2. La Gran Depresión
La ilusión de crecimiento económico se quebró el 24 de octubre de 1929. El crack bursátil en
Wall Street y la Gran Depresión, sin embargo, no fueron la causa, sino el cauce que aprovecharon
las tensiones y los odios generados en los primeras dos décadas del siglo, cerrados en falso cuando
no incrementados en Versalles, para llevar al mundo a la mayor guerra jamás vivida.
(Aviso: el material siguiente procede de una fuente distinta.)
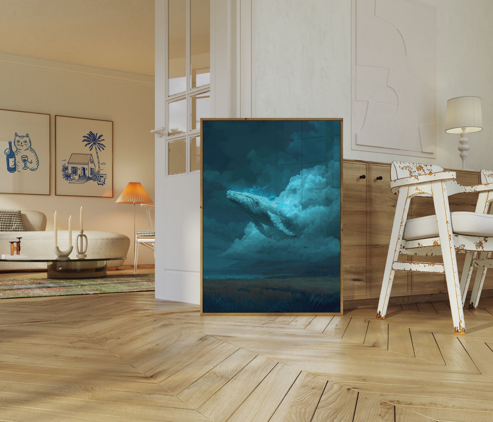 A mesmerizing digital artwork depicting a luminescent blue whale soaring majestically through a dark, stormy cloud landscape. The ethereal creature appears to be floating or swimming through the turbulent sky, its glowing blue form creating a stark contrast against the deep teal and navy cloud formations. This surreal image blends natural elements with a dreamlike fantasy, inviting viewers into a world where the impossible becomes possible.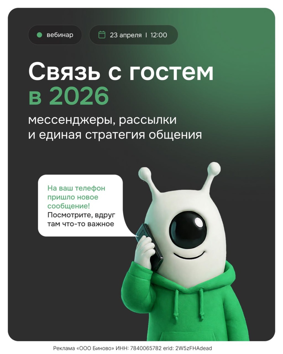 ? Коммуникация с гостями влияет на расходы и загрузку: каждое сообщение — это время, деньги и шанс довести бронь до заезда. Но как быть, когда SMS дорожают, гости пишут в разные каналы, вы не успеваете ответить, а сообщения теряются из-за нестабильной связи и блокировок мессенджеров? 23 апреля Bnovo проведет вебинар о коммуникации с гостями в 2026 году. 🎤Спикер — Катерина Вербицкая, директор по маркетингу платформы для автоматизации общения с клиентами Imobis. Разберут: ⭐️ снижение расходов на коммуникации ⭐️ построение своей системы каналов связи ⭐️ автоматизацию ответов и уведомлений ⭐️ использование переписки для роста дохода 📆 23 апреля | 12:00 мск Снизьте расходы на коммуникации и начните зарабатывать на чатах с гостями! 👉 Занять место

La crisis económica conocida como la Gran Depresión fue el escenario perfecto para el
retroceso de unas precarias democracias y el ascenso de los extremismos. Los distintos pasos que
se dieron hacia la guerra vinieron provocados por el triunfo de la demagogia, el nacionalismo
exacerbado y el militarismo agresivo. La explotación egoísta y demente que los líderes extremistas
hicieron de las necesidades de sus pueblos les permitió disponer de una opinión pública favorable
al incremento de la tensión internacional y a la guerra como único medio con el que restañar
heridas, tanto las actuales (la crisis) como las pasadas (el orgullo perdido en 1919). En aquellos
países donde las democracias luchaban por subsistir, como Gran Bretaña o Francia, la guerra era un
fantasma abominable del que se quería huir, sin ser del todo conscientes de la locura instalada en
los países vecinos. La crisis económica los tenía atenazados, asustados, y había hecho brotar las
tensiones sociales larvadas en unas democracias que no eran tal, pues aún se sustentaban en las
diferencias económicas y sociales, por mucho que hubiesen avanzado en acortar (o maquillar) las
políticas. También esta debilidad, esta desconfianza en la fuerza de la democracia para sacarles de
la crisis, hizo, por un lado, volver la cabeza a soluciones (funestas) del pasado, y, por otro, espoleó a
los extremismos foráneos, que se sintieron libres de violar de forma continua la ya inane legalidad
internacional.
3. El fracaso de la Sociedad de Naciones
El mejor espejo del fracaso de la Paz de París fue la Sociedad de Naciones. Ésta fue fundada
en 1919, en el desarrollo de las negociaciones de paz de la guerra, cumpliendo la iniciativa del
Presidente de los EEUU, Woodrow Wilson, como final de sus 14 puntos, de crear un organismo
supranacional garante de la paz, donde las distintas naciones del mundo estuviesen representadas
y pudieran dirimir sus conflictos de forma pacífica y con el apoyo del resto de miembros. El reto era
ambicioso, sin duda, y desde el principio se plantearon grandes dudas.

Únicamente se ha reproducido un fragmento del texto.